> [WHAT YOU SHOULD DO]:
The entire listing, reproduced exactly and stripped of images, is the expected output.

> [DATA EXCERPT]:
---
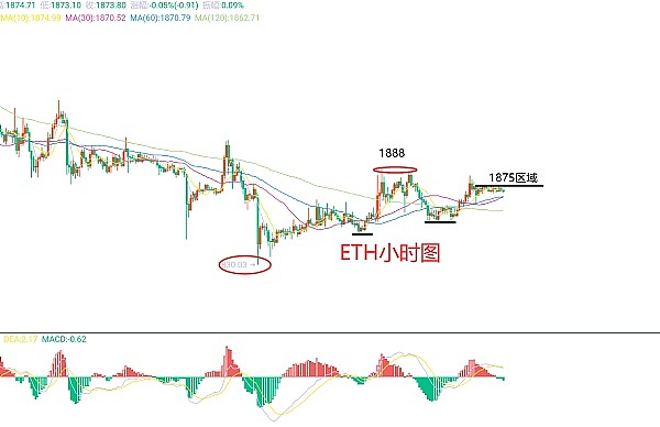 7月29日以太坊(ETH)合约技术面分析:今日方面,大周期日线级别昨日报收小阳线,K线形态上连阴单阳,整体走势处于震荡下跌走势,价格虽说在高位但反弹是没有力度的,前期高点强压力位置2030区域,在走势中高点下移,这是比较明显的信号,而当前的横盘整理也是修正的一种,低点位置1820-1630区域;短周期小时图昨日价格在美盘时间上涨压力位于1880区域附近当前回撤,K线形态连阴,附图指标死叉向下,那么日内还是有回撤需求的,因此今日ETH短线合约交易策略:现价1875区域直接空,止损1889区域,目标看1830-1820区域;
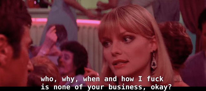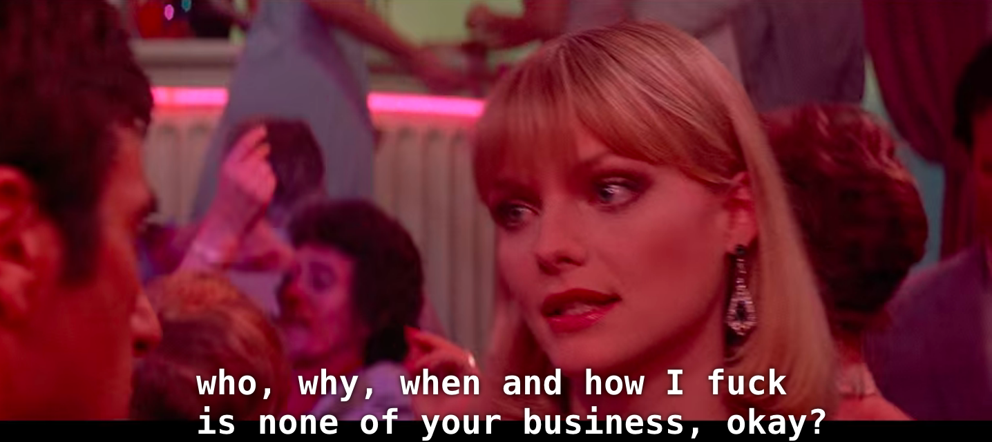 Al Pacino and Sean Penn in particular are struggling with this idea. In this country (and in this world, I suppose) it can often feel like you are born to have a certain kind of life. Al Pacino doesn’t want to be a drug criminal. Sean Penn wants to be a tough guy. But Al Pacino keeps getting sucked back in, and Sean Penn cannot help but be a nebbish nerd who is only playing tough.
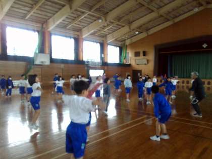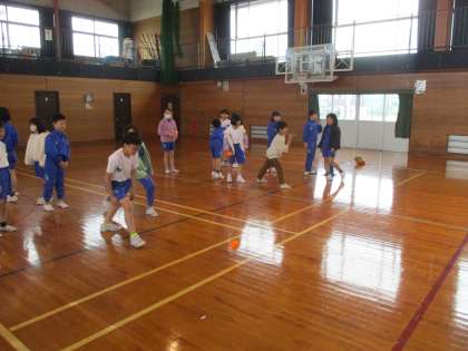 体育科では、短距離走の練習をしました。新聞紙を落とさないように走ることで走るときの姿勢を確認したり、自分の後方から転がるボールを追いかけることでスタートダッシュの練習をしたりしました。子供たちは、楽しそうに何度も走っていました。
---
> [ANSWER BELOW]:
 7月29日以太坊(ETH)合约技术面分析:今日方面,大周期日线级别昨日报收小阳线,K线形态上连阴单阳,整体走势处于震荡下跌走势,价格虽说在高位但反弹是没有力度的,前期高点强压力位置2030区域,在走势中高点下移,这是比较明显的信号,而当前的横盘整理也是修正的一种,低点位置1820-1630区域;短周期小时图昨日价格在美盘时间上涨压力位于1880区域附近当前回撤,K线形态连阴,附图指标死叉向下,那么日内还是有回撤需求的,因此今日ETH短线合约交易策略:现价1875区域直接空,止损1889区域,目标看1830-1820区域;
 Al Pacino and Sean Penn in particular are struggling with this idea. In this country (and in this world, I suppose) it can often feel like you are born to have a certain kind of life. Al Pacino doesn’t want to be a drug criminal. Sean Penn wants to be a tough guy. But Al Pacino keeps getting sucked back in, and Sean Penn cannot help but be a nebbish nerd who is only playing tough.
 体育科では、短距離走の練習をしました。新聞紙を落とさないように走ることで走るときの姿勢を確認したり、自分の後方から転がるボールを追いかけることでスタートダッシュの練習をしたりしました。子供たちは、楽しそうに何度も走っていました。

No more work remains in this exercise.